The CyberArk Application Identity Manager integrated with Aqua Security provides automated, secure secrets delivery to containerized applications. Secrets that are secured and managed by the CyberArk Enterprise Password Vault are delivered securely into runtime containers as and when needed using the Aqua solution. Secrets are automatically rotated based on an organization’s security policy, without the need to stop or restart the running container.
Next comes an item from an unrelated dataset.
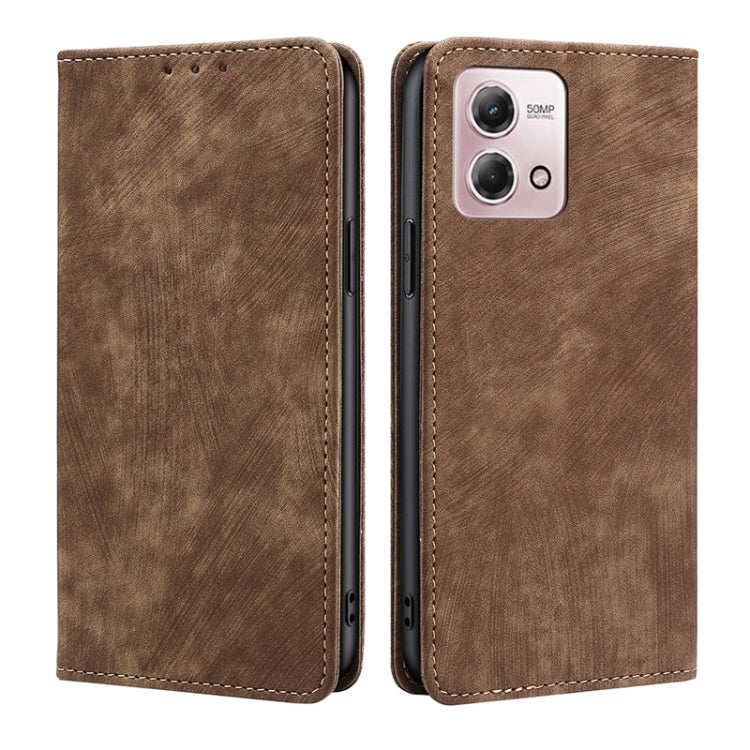 Funda de Cuero Magnética para Motorola Moto G84 5G con Rfid y Cepillo Antirrobo (Marrón)

The integrated CyberArk and Docker solution enables organizations to automatically provision, secure and manage secrets used by containerized applications/services. The joint solution helps ensure secrets are kept out of source control so they are never hard-coded into images. Permissions to retrieve secrets are rigorously controlled, so that only authenticated apps/services are granted access to sensitive resources. Finally, all secrets related activity is logged for audit purposes.
The integrated CyberArk and Jenkins solution delivers automated secrets protection throughout the DevOps pipeline. Using Jenkins, secrets are automatically provisioned within the CyberArk solution. Further, secrets used by Jenkins are secured and rotated by CyberArk based on an organization’s policy.
The integrated CyberArk and Ansible solution enables secrets-protected configuration processes. This is achieved using Ansible to automatically provision secrets used by machine identities (e.g. applications, containers, micro-services and EC2 instances) within the CyberArk solution for enhanced protection and management. Further, secrets used by Ansible are secured and rotated by the CyberArk solution based on an organization’s policy.
The CyberArk-Chef cookbook enables developers to automatically provision accounts and apply secrets to nodes that are managed by Chef. Secrets, used by both users and machines (e.g. cookbooks, Chef recipes) are secured and managed automatically. Further, any access to secrets, SSH logins/logouts and Sudo calls, are all logged and stored in a tamper-proof audit record vault.